All things come to he who waits
In Japan, my assignment was to the 6485 Operations Squadron under the 315th Air Division. The squadron consisted of 2 C-47s, used for training Royal Thai Air Force personnel, 2 C54s (DC-4s) used primarily for Aeromedical Evacuation flights and some special operations, and 2 newly acquired C-118's (DC-6s). I had assumed the reason I was assigned to the squadron was for my experience in the C-118s. I had 3500+ hours in the plane and had been an instructor in the aircraft,and flight simulator I thought I could provide valuable experience for them. However, my new Commander had other ideas. He wanted all the other pilots to fly them first, so they could possibly get better jobs when they rotated back to the States. At the time I arrived, the two pilots and one instructor pilot had less than 100 hours combined in the plane. Instead I was assigned to the C-54s and would have to start at the bottom and go through the check-out program. I was quite disappointed.
The C-54 was quite similar to the 118, having four engines and being made by Douglas, but was smaller, slower, and unpressurized. Our weekly scheduled air evac missions in the 54 included a north run, a south run, and one to Korea. Going north we stopped at Misawa, a large Army post and Wakkani on the northern tip of Hokaido, the northernmost island of the Japanese chain. Wakanai was principally a military listening post keeping eyes and ears out for the Russians just a few miles across the water. The runway was pretty short and located parallel to the coastline which meant there was almost always a crosswind for landing. There were only a few hundred people stationed there, but dependents were allowed so sometimes we had to make emergency maternity runs. The base commander was also their tower operator and mailman. He was always glad to see us because we were his only link with the outside world. We couldn't always get in there due to the weather, but we generally gave it a try.

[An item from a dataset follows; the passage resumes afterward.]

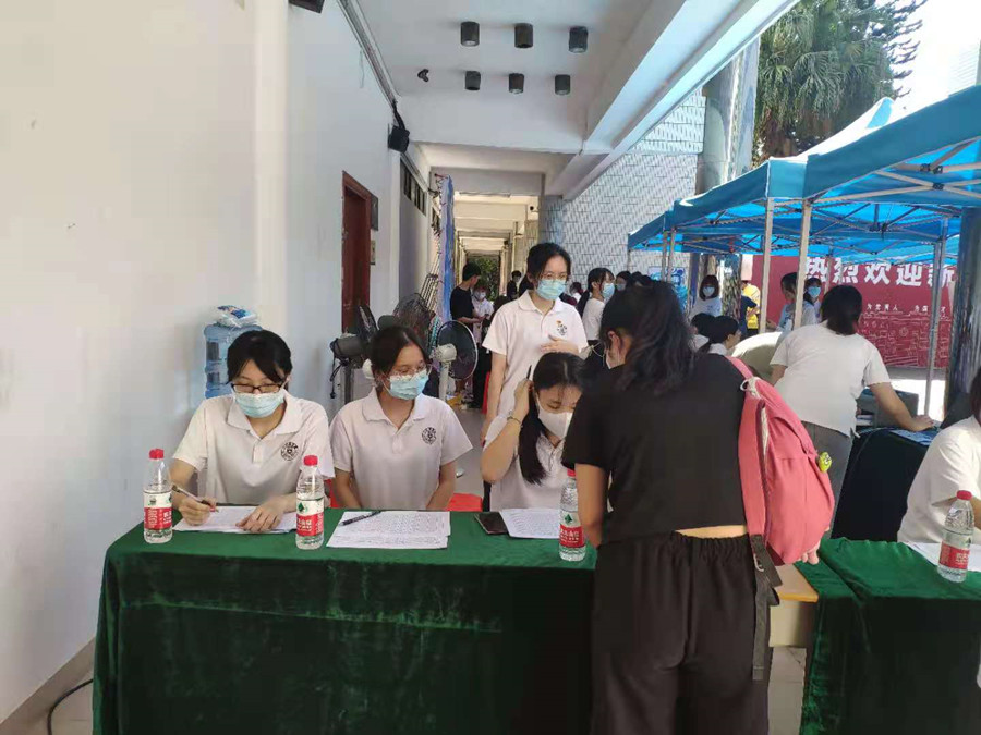 迎新现场中,有欢迎的红幅、人性化的指示牌、专车接送等,校内还设置了多个迎新服务岗位,最大限度地为新生的入校提供便捷的服务。在门口接待处,志愿者们面带微笑,穿梭于迎新现场中,主动为新生搬运行李,并对校园环境及学院办学质量等情况进行介绍。在咨询处,工作人员提供相关的咨询服务,耐心地为新生解答各种疑问。在注册报到处,助理辅导员依次地指引新生们就身份认证、费用缴纳、资料交接等一系列相关的入学手续进行注册报到。在钥匙领取处,工作人员分发钥匙、安排登记入住并安排工作人员陪同新生们前往宿舍帮忙整理。从门口接待、注册报到、钥匙领取到宿舍安排入住,一项项的热情贴心服务,环环相扣,支部党员们各司其职,互相帮助,整个迎新活动流程有条不紊地进行。

The only mission for the 118s was a weekly, or biweekly run to Clark AFB in the Philippines via stops in Taiwan. These were normally three day trips.
The C-47s mainly flew locally, training Thais, but once a week they would deliver mail to a small special services hunting camp on Chejudo island, a large volcanic island south of Korea. I was fortunate enough to get to go to the hunting camp for a 3 day pheasant hunt. The island was covered with them.

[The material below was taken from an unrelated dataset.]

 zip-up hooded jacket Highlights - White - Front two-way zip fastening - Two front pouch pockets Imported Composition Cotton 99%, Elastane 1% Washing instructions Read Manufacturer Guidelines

In the C-54, I was fortunate to be able to fly in a couple of flight to Hong Kong. It was an exciting place to go. Our flights there were to deliver Red Cross packages to prisoners behind the bamboo curtain and had to conform to a lot of protocol for the Chinese. The packages was delivered by a single individual walking halfway across a bridge. (Sound like James Bond). There were also some Bangkok trips that were interesting too. Those flights were to rotate some of the Royal Thai Air Force crew members every 6 months.
I had one trip with our 315th Air Division Commander, Brigadier General Benjamin Ellis. He was a prince of a guy and even though I was only a Captain, I felt very comfortable being with him. He eventually got his fourth star and was Joint Chiefs Commander. We flew to inspect places he had personnel, throughout Vietnam and Thailand. Since he was qualified as a copilot in the C-54, we would alternate making the landings. One night while we were talking he suggested that I come to the Division Headquarters to work part time when I wasn't flying. On our way back to Japan, we inadvertently flew through a Typhoon. (Weather surveillance and forecasting wasn't very good back then). It was pretty scary and the general would occasionally poke his head in the cockpit and ask if everything was all right. My concern was that the plane was filling up with water, since it was unpressurized. However everything settled down and I just added an additional 10 knots to our approach and landing speeds, just in case, to make up for the weight of onboard water.
Eventually, I did take the general up on the offer to work part time in the headquarters, but he got promoted and left. The new commander was pretty coarse, and I didn't care much for him, but I did really like the Director of Operations, and I eventually became sort of his fair-haired boy. He started sending me to Tan Son Nhut airport in Saigon, every third month, to work as an Operations Officer at C-130 Operations (managing cargo distribution throughout the country). He also sent me back to Hawaii twice, to brief Admiral Sharpe, the four-star commander of the pacific forces. Now that was excitement.
My second trip, was to get 2 more C-118's, for my old squadron, so they could fly the med evac flights out of Vietnam, instead of using up the C-130 resources. This was so successful, that the new 118s were back in Japan before I was.
Now this posed an interesting problem. Aircrews could not fly into Vietnam unless they were route qualified, according to 7th Air Force. My old squadron had nobody qualified to fly these planes into Vietnam. Enter Stage Left—Moi. I finally got to climb back into a C-118. I flew a C-54 over to Korea, to meet a C-118 crew. I jumped into the 118, made 3 landings, and was re-qualified, I then flew the first scheduled aeromedical evacuation flight to Danang, Na Trang and Saigon. Vietnam. Poetic justice. I finally got to fly the plane I was sent to Japan to fly.